En la práctica vemos que las empresas que siguen el mapa estratégico desarrollado por Gälweiler y perfeccionado por Malik Management aciertan en sus enfoques estratégicos y consiguen la implantación de su estrategia.

El punto de partida es el problema o la necesidad del cliente. Cualquier producto o servicio que no solucione un problema real del cliente o satisfaga sus necesidades puede tener su encanto pero poco éxito en el mercado. Las soluciones que ofrece la empresa al cliente son una parte del total de soluciones existentes en el mercado.

A la hora de planificar la empresa debe tener en cuenta los resultados previsibles de las actividades de I+D que se desarrollan en el mercado, las tendencias socio-económicas, y lo que hace la competencia. El conjunto de los datos generados a partir de estos análisis permite prever la evolución del mercado en el que se mueve la empresa y determinar su posicionamiento necesario para sobrevivir a largo plazo.

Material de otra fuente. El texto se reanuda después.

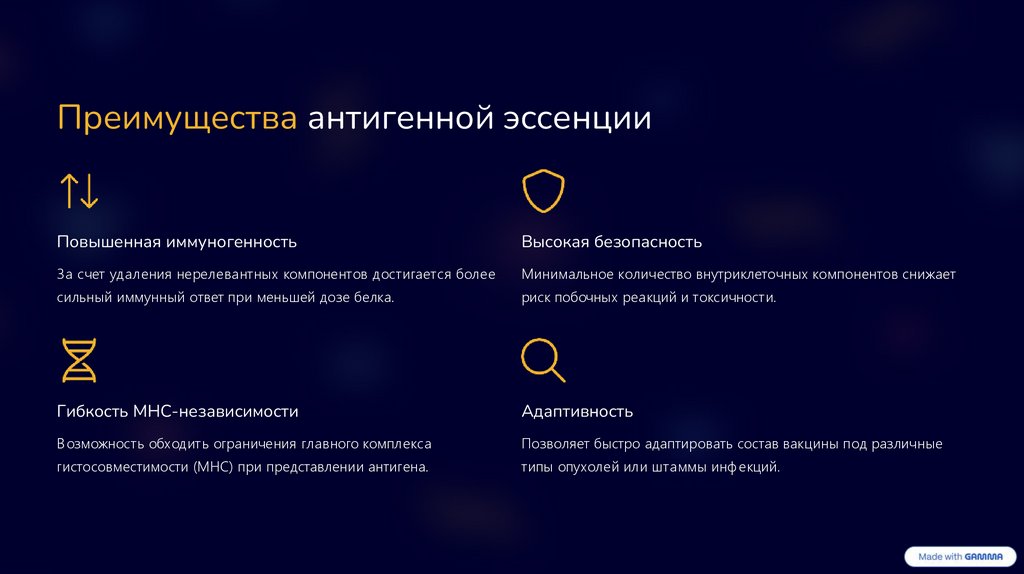 Преимущества антигенной эссенцииПовышенная иммуногенность

Es posible que resulte una necesidad de crecer a un ritmo elevado o de reducir la dinámica de crecimiento. De todas formas, mediante el proceso descrito la empresa tiene un fundamento sólido para fijar sus objetivos de expansión que contrasta con propósitos intuitivos tipo “el año que viene queremos crecer un 10%”. Suenan bien estas proclamaciones pero prácticamente nunca llevan a una planificación óptima y a veces causan graves problemas que se evidencian cuando es tarde para corregirlos.

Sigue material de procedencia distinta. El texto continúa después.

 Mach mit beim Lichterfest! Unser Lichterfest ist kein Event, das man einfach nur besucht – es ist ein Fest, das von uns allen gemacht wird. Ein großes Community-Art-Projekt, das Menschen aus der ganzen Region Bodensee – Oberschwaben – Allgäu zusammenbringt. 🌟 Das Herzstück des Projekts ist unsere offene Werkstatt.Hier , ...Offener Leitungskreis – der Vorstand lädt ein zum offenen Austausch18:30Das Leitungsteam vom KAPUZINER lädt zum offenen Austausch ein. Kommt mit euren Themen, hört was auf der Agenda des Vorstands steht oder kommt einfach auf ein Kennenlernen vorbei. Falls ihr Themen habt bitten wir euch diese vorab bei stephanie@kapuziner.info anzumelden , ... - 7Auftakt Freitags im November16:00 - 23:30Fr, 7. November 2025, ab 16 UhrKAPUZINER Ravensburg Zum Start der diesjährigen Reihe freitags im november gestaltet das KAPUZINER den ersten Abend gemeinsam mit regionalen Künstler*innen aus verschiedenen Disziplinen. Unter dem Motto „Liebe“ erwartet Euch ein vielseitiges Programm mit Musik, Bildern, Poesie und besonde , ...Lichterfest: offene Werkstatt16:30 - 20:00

Derivado sistemáticamente el objetivo de posicionamiento en el mercado la empresa está en condiciones de presupuestar sus recursos necesarios para alcanzar las metas: inversiones, I+D, personal y organización, y marketing. El presupuesto financiero con la cuenta de explotación, el balance, y la previsión del flujo de caja se calculan en consecuencia y constituyen una base sólida para gestionar la empresa durante el ejercicio presupuestado.